MATERIAL PROVIDED:
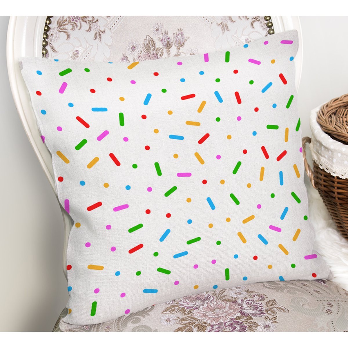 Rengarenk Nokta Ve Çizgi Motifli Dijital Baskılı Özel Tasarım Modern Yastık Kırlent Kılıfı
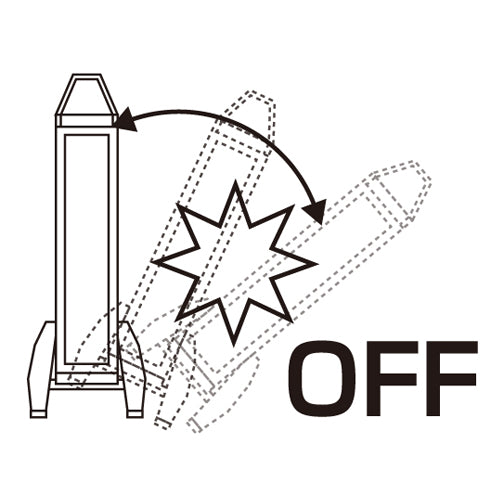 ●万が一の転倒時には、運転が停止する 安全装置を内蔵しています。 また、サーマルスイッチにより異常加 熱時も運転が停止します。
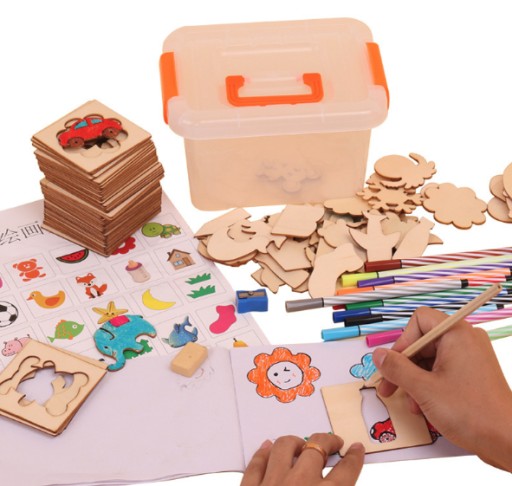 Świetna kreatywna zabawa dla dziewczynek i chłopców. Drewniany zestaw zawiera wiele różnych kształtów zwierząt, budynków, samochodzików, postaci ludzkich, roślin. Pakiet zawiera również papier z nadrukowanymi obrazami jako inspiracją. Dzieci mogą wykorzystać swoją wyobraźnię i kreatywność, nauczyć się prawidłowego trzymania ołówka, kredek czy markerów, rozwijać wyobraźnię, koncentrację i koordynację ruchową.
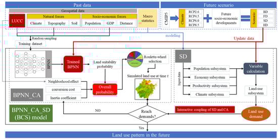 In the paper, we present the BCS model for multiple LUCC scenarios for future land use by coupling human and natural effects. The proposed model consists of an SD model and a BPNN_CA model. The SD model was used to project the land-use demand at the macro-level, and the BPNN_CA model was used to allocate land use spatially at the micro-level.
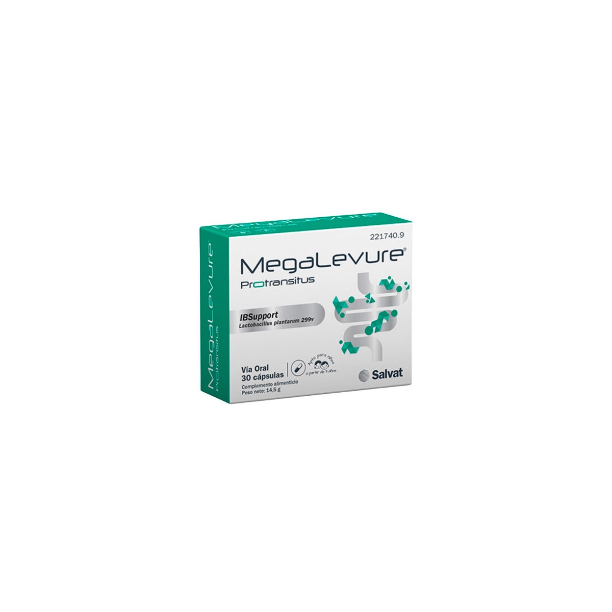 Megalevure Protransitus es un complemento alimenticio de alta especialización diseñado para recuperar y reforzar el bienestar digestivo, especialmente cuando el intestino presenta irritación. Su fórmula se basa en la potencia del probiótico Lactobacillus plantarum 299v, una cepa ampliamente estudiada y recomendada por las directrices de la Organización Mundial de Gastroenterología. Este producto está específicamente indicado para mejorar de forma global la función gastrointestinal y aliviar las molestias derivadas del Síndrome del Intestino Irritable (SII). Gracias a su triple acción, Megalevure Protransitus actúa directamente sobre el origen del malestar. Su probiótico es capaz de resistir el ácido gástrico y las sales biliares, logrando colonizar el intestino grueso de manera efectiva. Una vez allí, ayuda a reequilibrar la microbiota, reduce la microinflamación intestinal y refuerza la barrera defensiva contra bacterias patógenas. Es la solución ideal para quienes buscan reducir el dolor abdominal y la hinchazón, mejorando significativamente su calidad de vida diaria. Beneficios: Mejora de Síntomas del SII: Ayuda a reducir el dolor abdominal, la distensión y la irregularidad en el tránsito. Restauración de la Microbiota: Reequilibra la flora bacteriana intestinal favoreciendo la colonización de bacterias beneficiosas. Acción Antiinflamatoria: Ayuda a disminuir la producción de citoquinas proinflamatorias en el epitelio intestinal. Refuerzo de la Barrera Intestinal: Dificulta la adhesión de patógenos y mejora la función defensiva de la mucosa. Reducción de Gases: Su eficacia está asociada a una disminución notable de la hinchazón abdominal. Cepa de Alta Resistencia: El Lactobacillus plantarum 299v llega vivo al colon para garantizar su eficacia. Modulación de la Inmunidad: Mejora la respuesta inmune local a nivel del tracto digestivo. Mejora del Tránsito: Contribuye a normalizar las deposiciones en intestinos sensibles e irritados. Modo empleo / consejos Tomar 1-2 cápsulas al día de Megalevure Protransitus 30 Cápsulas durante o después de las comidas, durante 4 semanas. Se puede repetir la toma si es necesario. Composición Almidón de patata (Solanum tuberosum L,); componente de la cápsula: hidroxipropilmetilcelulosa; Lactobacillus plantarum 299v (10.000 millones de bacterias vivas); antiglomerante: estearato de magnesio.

WHAT YOU WILL DO: Beginning with the first line of the records, write out every line up to and including the one with "In the paper, we", exactly, and omit all pictures.

SOLUTION TO THE EXERCISE:
 Rengarenk Nokta Ve Çizgi Motifli Dijital Baskılı Özel Tasarım Modern Yastık Kırlent Kılıfı
 ●万が一の転倒時には、運転が停止する 安全装置を内蔵しています。 また、サーマルスイッチにより異常加 熱時も運転が停止します。
 Świetna kreatywna zabawa dla dziewczynek i chłopców. Drewniany zestaw zawiera wiele różnych kształtów zwierząt, budynków, samochodzików, postaci ludzkich, roślin. Pakiet zawiera również papier z nadrukowanymi obrazami jako inspiracją. Dzieci mogą wykorzystać swoją wyobraźnię i kreatywność, nauczyć się prawidłowego trzymania ołówka, kredek czy markerów, rozwijać wyobraźnię, koncentrację i koordynację ruchową.
 In the paper, we present the BCS model for multiple LUCC scenarios for future land use by coupling human and natural effects. The proposed model consists of an SD model and a BPNN_CA model. The SD model was used to project the land-use demand at the macro-level, and the BPNN_CA model was used to allocate land use spatially at the micro-level.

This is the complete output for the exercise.